Availability and Delivery
| Pack Size | Tablets per Pack | Typical PBS Price (AUD) | Popular Delivery Times* |
|---|---|---|---|
| 10 mg Tablets | 50 / 100 | $8.80–$12.00 | Sydney: 1–2 days; Melbourne: 1–2 days; Brisbane: 2–3 days; Perth: 3–4 days; Adelaide: 2 days |
| 25 mg Tablets | 50 / 100 | $9.30–$13.00 | See above |
| 50 mg Tablets | 50 / 100 | $12.70–$17.50 | See above |
| 75 mg SR Tablets | 30 | $15.30–$19.00 | See above |
*Indicative delivery times for Registered/S4 medicines from well-known pharmacy chains and online pharmacies. Rural/remote deliveries may take 1–2 days longer.

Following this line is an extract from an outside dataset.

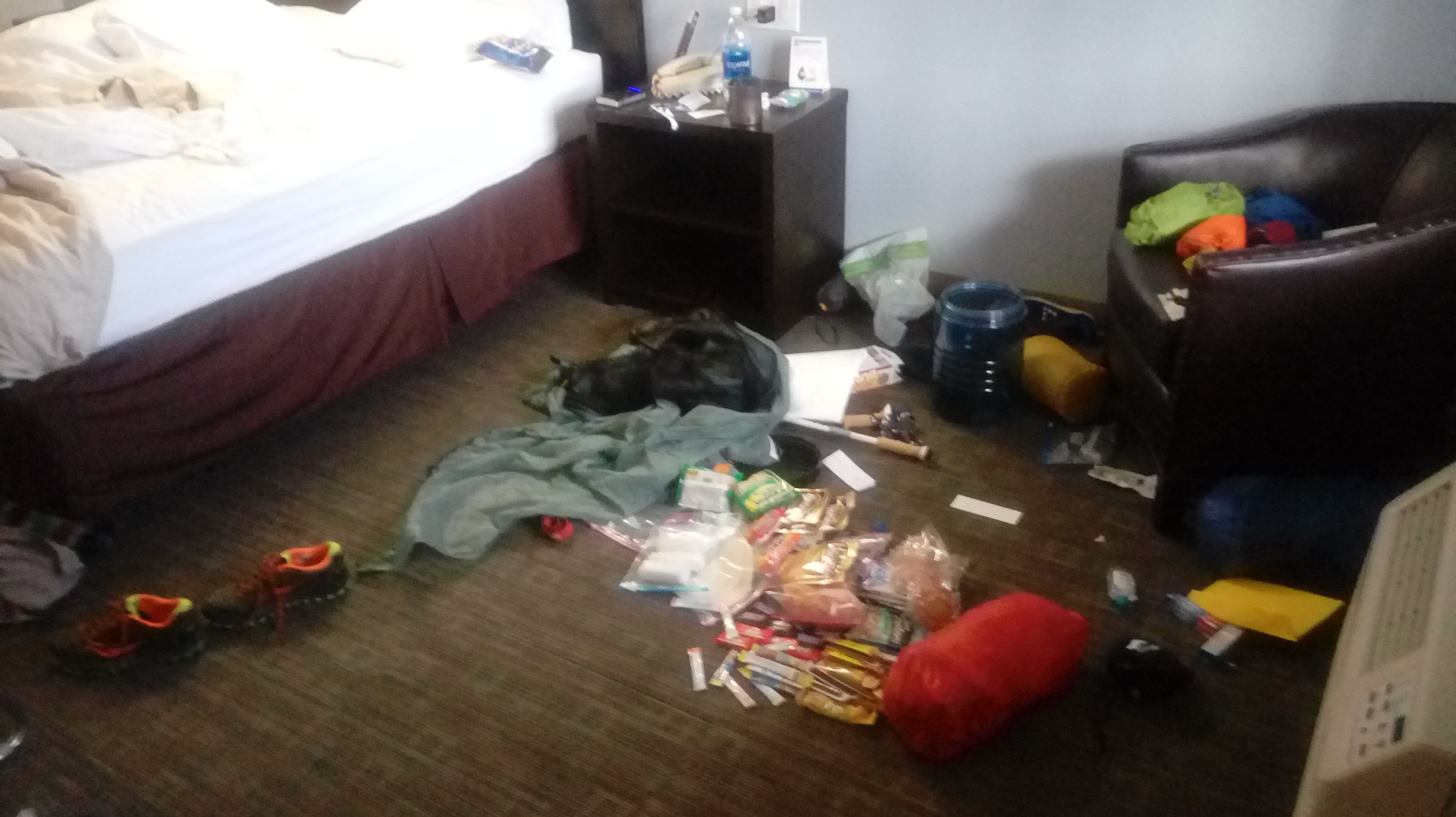 Heute Nachmittag fahre ich dann mit dem Bus nach Campo und zelte dort am Museum. Am Freitag gehts dann endlich los. Kann es kaum erwarten. Das Zimmer hier sieht auch schon ziemlich nach Hikertrash aus. Dabei bin ich allein hier.

Frequently Asked Questions (FAQ)
- How long does Tofranil take to work for depression?
Most patients notice some improvement in mood after 2–3 weeks. Maximum benefit can take up to 4–6 weeks. Continue taking as prescribed and discuss any concerns with your doctor. - Can I drink alcohol while using Tofranil?
Alcohol can increase sedation and risk of side effects. It’s best to avoid or limit alcohol while on this medication. - Is it safe to stop taking Tofranil suddenly?
No. Always consult your doctor before stopping. Abrupt discontinuation may result in withdrawal symptoms (e.g., nausea, headache, irritability, sleep difficulties). - Is Tofranil addictive?
Tofranil is not addictive, but sudden withdrawal can cause symptoms. Take exactly as prescribed and work with your healthcare team for any planned changes. - Does this medicine affect contraception or pregnancy?
Speak to your doctor if you are pregnant, planning pregnancy, or breastfeeding. Tofranil may not be the first choice in these situations, but your doctor will discuss possible risks and alternatives.
If you have further questions or need detailed advice about Tofranil (imipramine), please contact your local pharmacist or GP. For information about safe medicine use throughout Australia, visit the NPS MedicineWise website.